I’ve just returned from a research trip to Canada to investigate the wine industry in British Columbia (watch for my upcoming report). The wines were very good and the scenery spectacular, but for some reason my attention kept being diverted to small storefront do-it-yourself wine making facilities.  So herewith a report on a Canadian phenomenon:  Wine Kitz stores.

The Old Pandosy Street Connection

Somehow we found ourselves on Pandosy Street in Kelowna, B.C.; I checked out the Wine Kitz store while Sue investigated a yarn shop on the next block. It was a very interesting visit. I have seen many stores that sell wine-making kits and supplies, including grape juice concentrate, yeasts, jugs, hoses, bottles and so forth, but this Wine Kitz was something else — it really got my attention.

Kim McLean and her husband James operate this shop, which has been in Kim’s family since 1976, first an an independent DIY wine operation, now as part of  Wine Kitz.  Wine Kitz is a franchise chain, started in 1959 as “Wine Art” with 70 stores across Canada. There were three stores in Kelowna, a wine, tourism and agriculture town of about 120,000 population, with another store just across the bridge in West Kelowna. There must be a lot of DIY wine on tap here to support four stores!

Wine in a Box

Wine may be made in the vineyard, as they say, but it comes in a box at Wine Kitz and similar stores. Each box makes 23 liters of wine, or about 30 bottles from whichever sort of wine grape juice you choose. There are three quality tiers of juice available, starting with the Wine-Art line (CND 120 per kit) and moving up to Tradition (CND 138) and Ultimate (CND 185). (One USD equals about 1.03 CND at today’s exchange rate — that’s roughly par when you take FX fees into consideration.) The cheaper products have a higher percentage of juice concentrate while the more expensive tiers have more natural juice (and less manipulation). You can dial up the quality level depending upon your preferences and bank account balance.

The juice comes mainly from California, Australia and Italy. The juice selection is really quite broad. Merlot, Chardonnay and Shiraz, of course, but also Barolo, Chianti and Valpolicella. You can even make sherry and port-style products as well as various dessert wines.

The Secret of DIY Success

Why are kit wines so popular in Canada? One reason is the high retail price of bottled wine. Wine that you can make in a Wine Kitz shop for about CND 6 per bottle would sell for perhaps CND 20 or more in one of the province’s government liquor shops, Kim told me.

Checking around I found that Chateau Ste Michelle Columbia Valley Riesling sells for CND 14 in BC and CND 17 in Alberta. You can buy it for less than USD 6 at Costco in the U.S.  That’s a pretty strong incentive to make your own wine if the quality is anywhere close. You can, of course, set up your own home winery using the packaged juice as raw material to bring the cost even lower.

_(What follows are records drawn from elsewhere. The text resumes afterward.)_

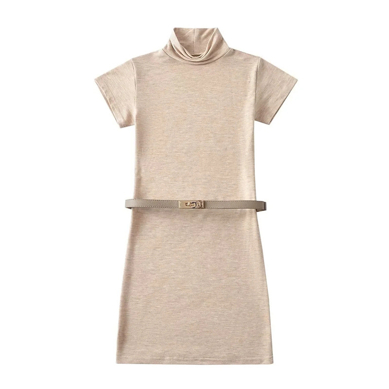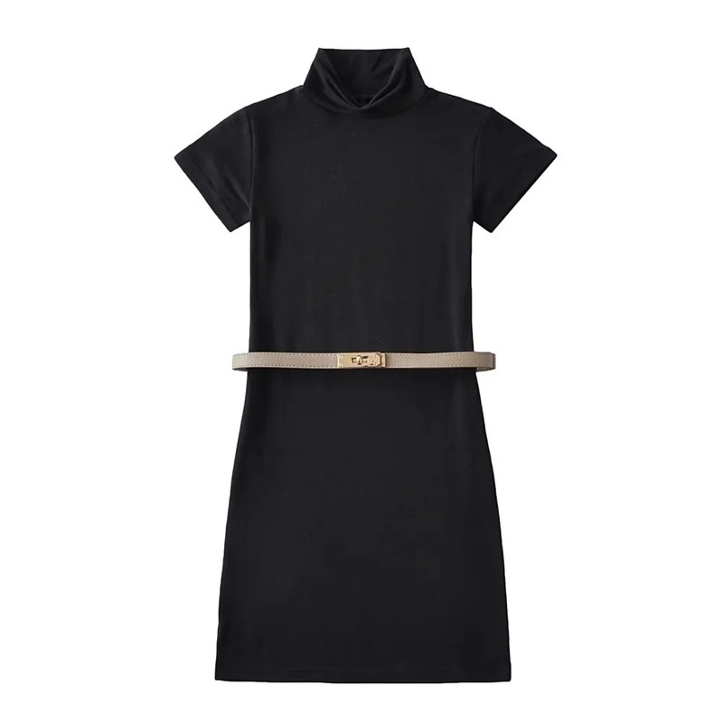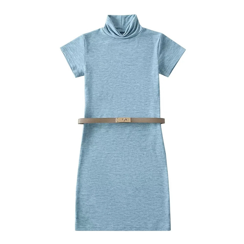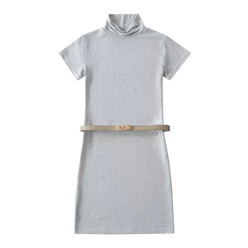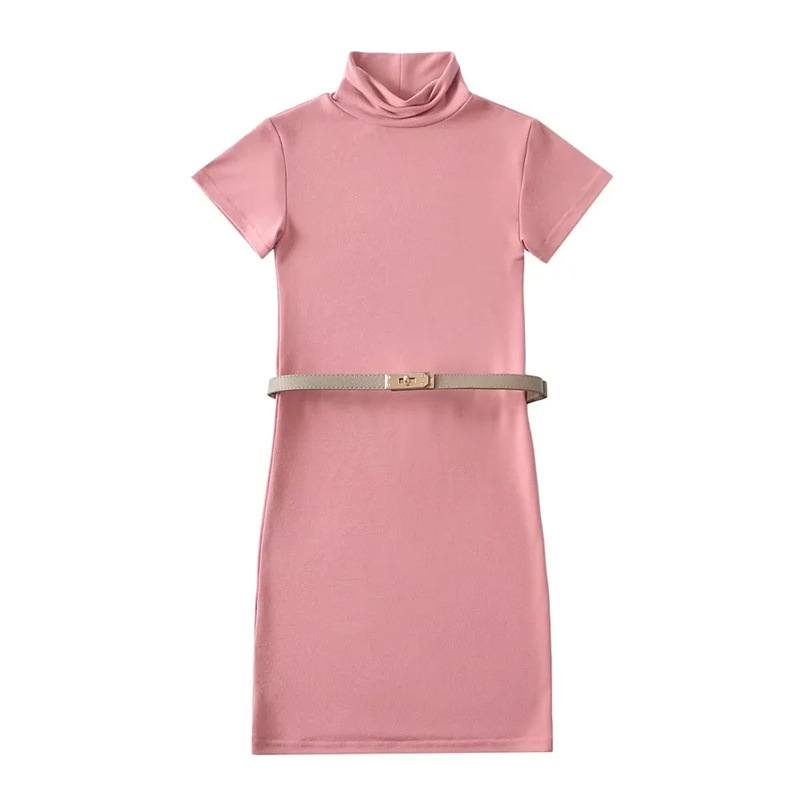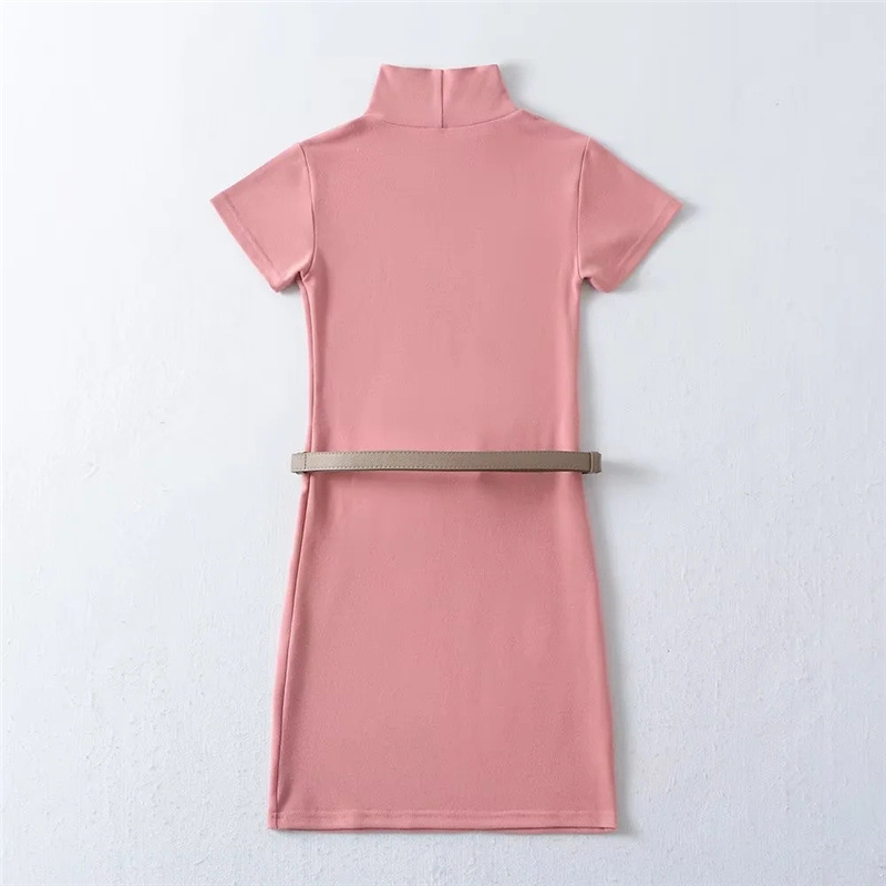 순수한 욕망 스타일 꽉 엉덩이 하이 넥 짧은 소매 원피스 벨트 슬림 핏 슬리밍 단색 향신료 소녀 기본 스커트
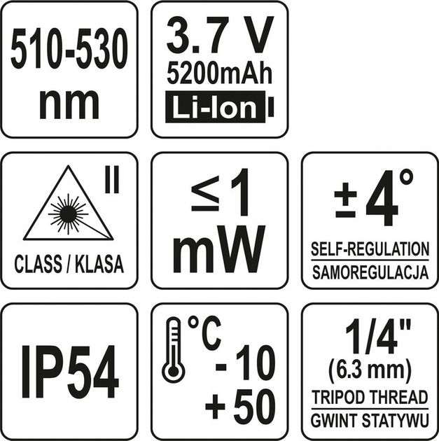 YATO Нівелір лазерний самонівелюючий : 12 променів, точність- ±3 мм/ 10 м, верт./гориз. промені
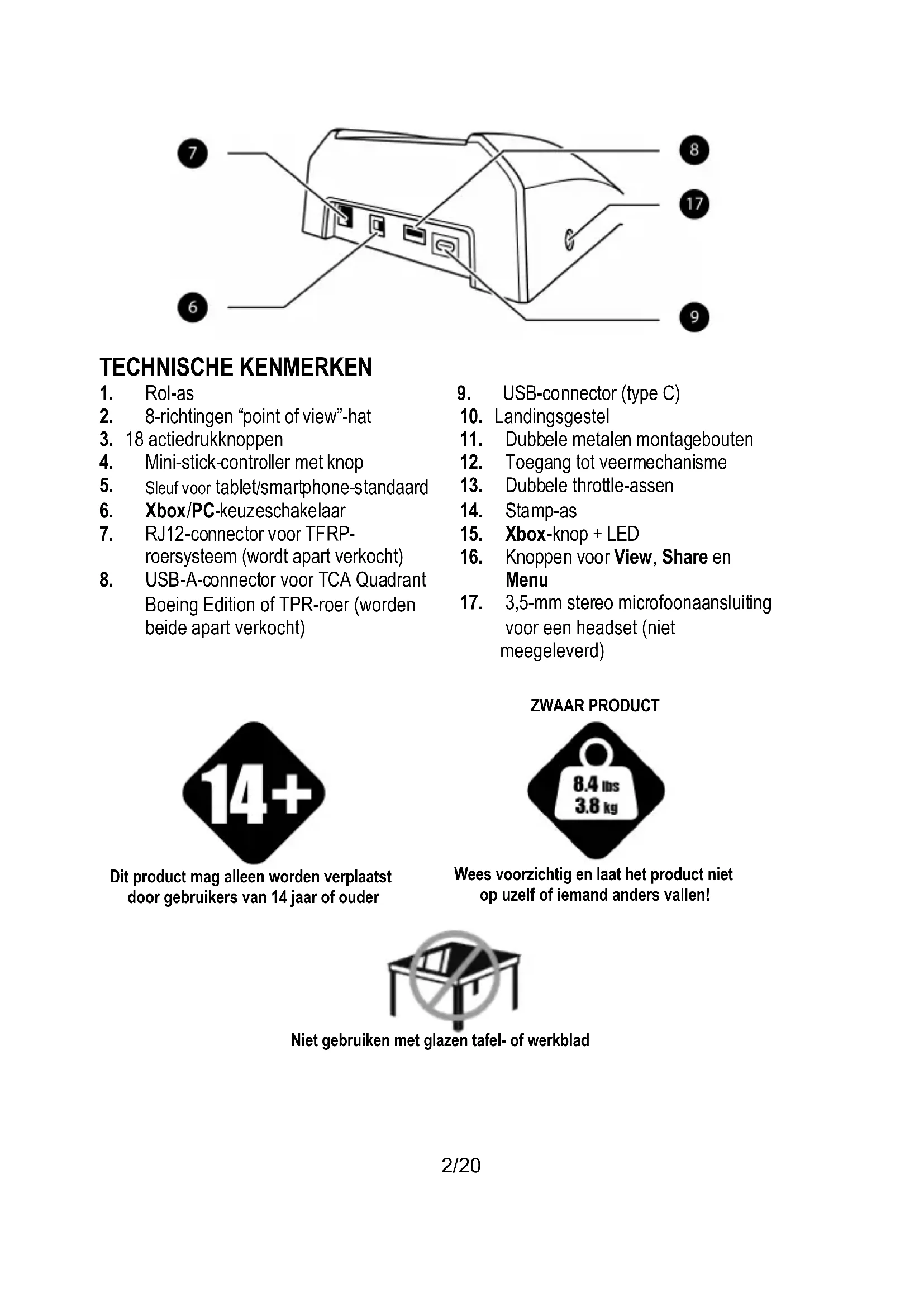 Een lijst van games voor de Xbox Series X|S / Xbox One die compatibel zijn met de yoke is beschikbaar op https://support.thrustmaster.com in de sectie Joysticks / TCA Yoke Boeing Edition. Deze lijst wordt regelmatig bijgewerkt met nieuw uitgebrachte Xbox Series X|S / Xbox One- games compatibel met de TCA Yoke Boeing Edition.4/20 DE TCA YOKE BOEING EDITION LEREN KENNEN EXCLUSIEVE PRECISIETECHNOLOGIE H.E.A.R.T: HALLEFFECT ACCURATE TECHNOLOGY EN PENDUL_R De TCA Yoke Boeing Edition is uitgerust met technieken die voor een ongeëvenaarde nauwkeurigheid zorgen in de wereld van de joysticks/gaming-yokes, zoals: - 3D (Hall-effect) magnetische sensoren op de rol- en stamp-assen, met een nauwkeurigheid van 16 bits (65.536 x 65.536 waarden); - een magneet die zorgt voor geen wrijving en uitmuntende nauwkeurigheid die nooit zal slijten; - stevige, lineaire en super vloeiende spanning die door verwijderbare veren op de stamp- as kan worden aangepast (raadpleeg de sectie PROCEDURE VOOR HET AANPASSEN VAN DE SPANNING OP DE STAMP-AS op pagina 13 voor meer informatie). THROTTLE De yoke beschikt over twee throttle-assen (13) te gebruiken om gemakkelijk de stuwkracht van de motor te bedienen. MICROFOON-JACK VOOR HEADSET (NIET MEEGELEVERD) De yoke heeft een 3,5 mm vrouwtjes microfoon-jack (17) waarop een headset met een microfoon kan worden aangesloten voor de meest onderdompelende ervaring.
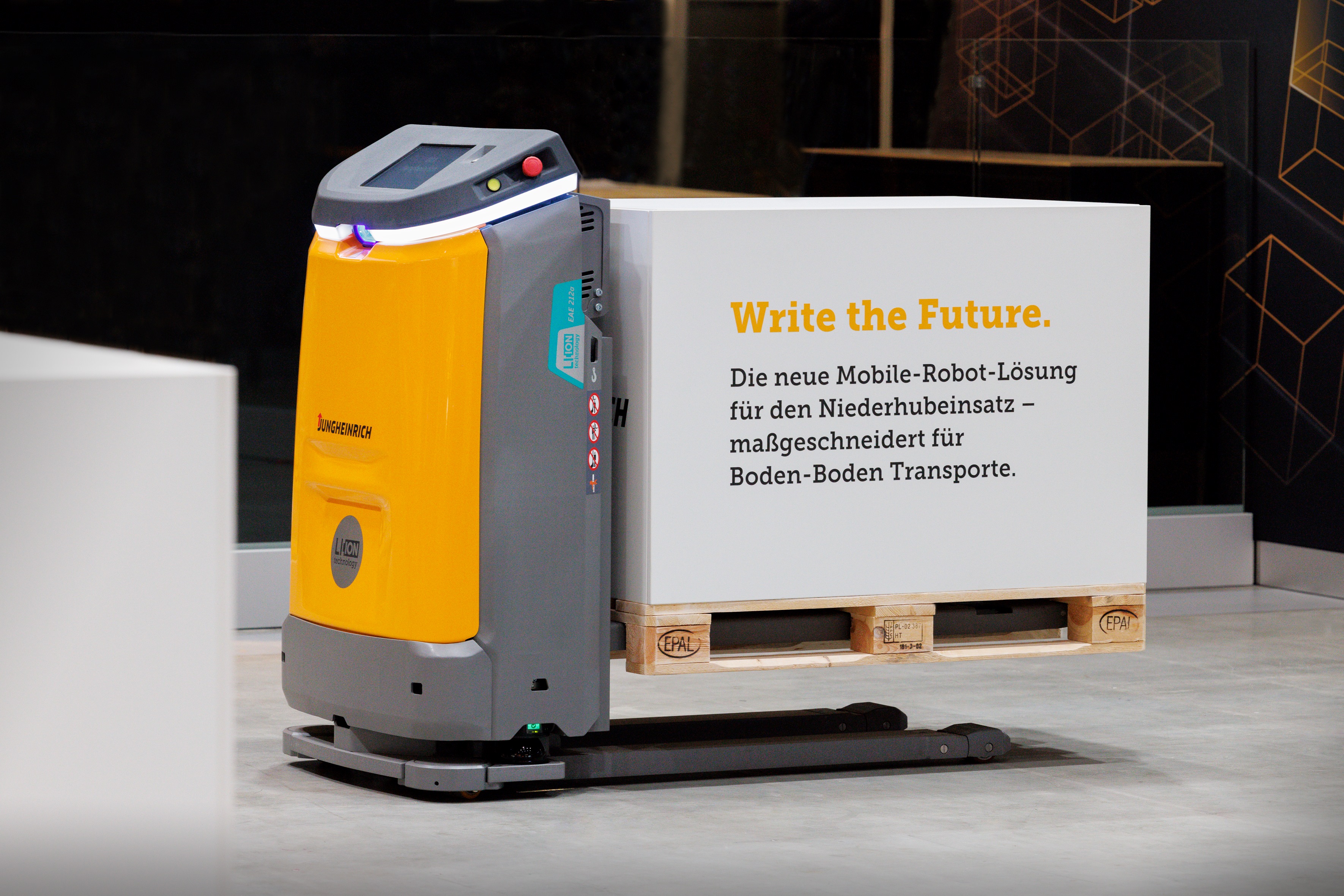 De EAE 212a is ontworpen voor de automatisering van laagheffend transport. Dankzij het door Jungheinrich gepatenteerde chassisontwerp is hij met slechts 790 mm smaller dan een europallet. Dit maakt hem bijzonder wendbaar en transport van floor-to-floor mogelijk bij snelheden tot 6 km/h. Tegelijkertijd kan de truck ladingen tot 1,2 ton vervoeren. "Als laagheffende truck vult de EAE 212a ons bestaande mobiele robotportfolio optimaal aan en is perfect geschikt voor de aan- en afvoer van inkomende en uitgaande goederenbanen", aldus Erlach. Voor de navigatie van de EAE 212a zijn geen kunstmatige oriëntatiepunten nodig. Tijdrovende voorbereidende maatregelen in het magazijn behoren daarmee tot het verleden.

The ongoing recession is a second factor, Kim said. People are a bit more interested in saving money when the economy is uncertain. You can think of this as a trading down (to lower prices) effect, but I’d argue that it is more like “trading over” (to different wine experiences) since the product is both cheaper but also a bit more personal and fun.

A final reason is that it is easy to make this wine — much easier that you might think. A loophole in liquor laws allows Wine Kitz to streamline the winemaking process.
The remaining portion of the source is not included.